As it stands, with the 2N2222, whenever I want the on time of the TIP120 to be higher, I would actually duty cycle the output to the 2N2222 lower. But if I substituted a 2N2907, then providing higher on time to it would also result in the TIP120 having a higher on time. Yes?
Also, I measured the actual voltage drop across one of the bottom TIP120s (the ones that control on/off) and it is only 0.6V. Is this because the overall voltage (5V) is inadequate, so 0.6V is all that's left by the time it gets to the second TIP120?
An expected drop with about max . 7 A ( STEADY, not PWM!) , passing thru , per datasheet.

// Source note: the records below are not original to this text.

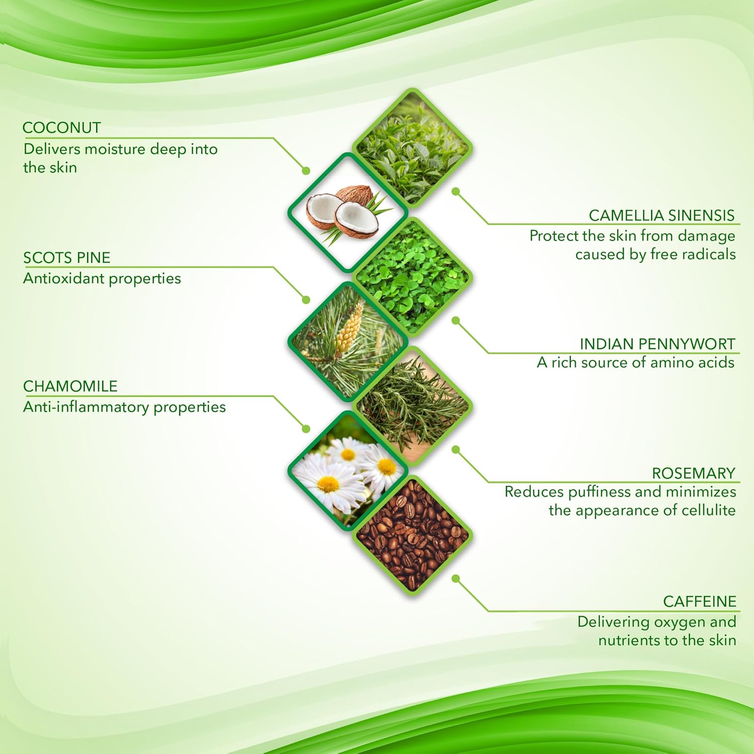 - Active Ingredients : Scots Pine, Chamomile, Camellia Sinensis, Indian Pennywort, Rosemary
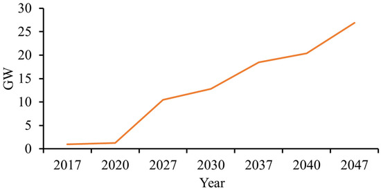 The trend of the PV capacity in Pakistan till 2047 [13].
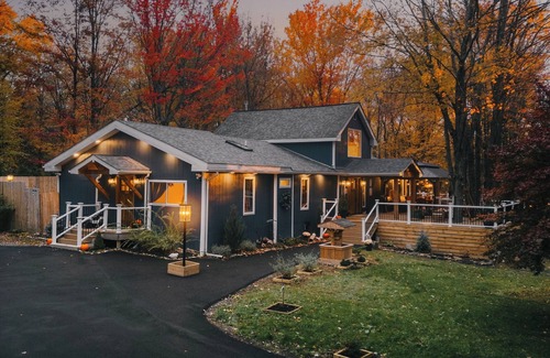 Outside, the expansive deck boasts a private XL hot tub that fits eight, seating, and a barbecue grill, perfect for outdoor dining and enjoying forest views. Explore the wooded grounds, gather around the fire pit, or enjoy nearby hiking trails, lakes, and ski slopes.
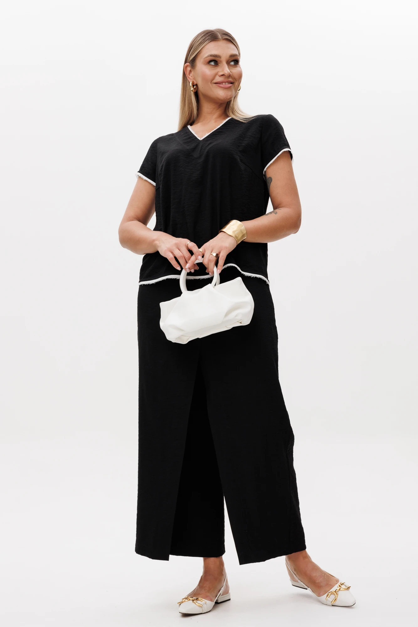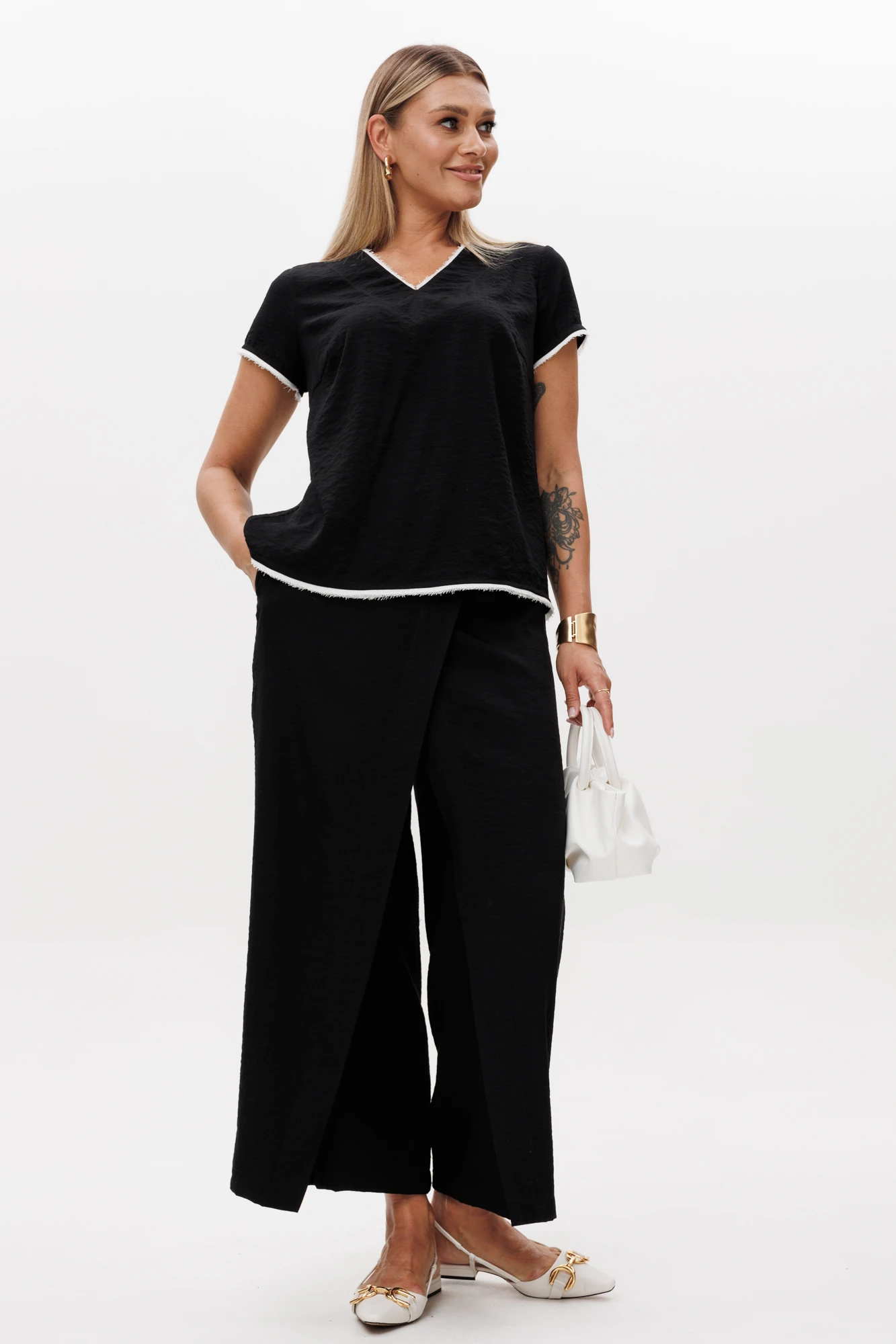Комплект двухпредметный, состоит из блузы и кюлотов. Блуза прямого силуэта с коротким рукавом и запахом на спине. По горловине, низу блузы и рукава отделочный кант контрастного цвета. Кюлоты прямого силуэта с запахом по переду. По перду боковые карманы. Застежка в боковом шве на потайную молнию. Пояс по спинке регулируется резинкой

So you have 5v - 1.2v left for the LED.
As I said before OK, but borderline with 5V power supply for LED's.
Actually you should measure the current to get a better picture or answer why the LED are not as bright as you excpected, as you stated in the OP.
Since the Arduino only goes to +5V the 2N2907 will never turn OFF.
You could place an inverter between the Arduino and the 2N2222 driver if needed.
Thanks everyone. Everything is working much better running the system at 12V with 2n2222s driving the upper TIP120s. Now I just need to work the bugs out of the code. 
Good for you for sticking with it.
Get into the habit of bread boarding your circuits before you commit to a design.
Have on hand some N and P channel FETs ( logic) some TIP120s TIP127s 2N5088s different multiplexers and other commonly used components.
Use your voltmeter to confirm operating levels.
Also actual voltages compared to design voltages.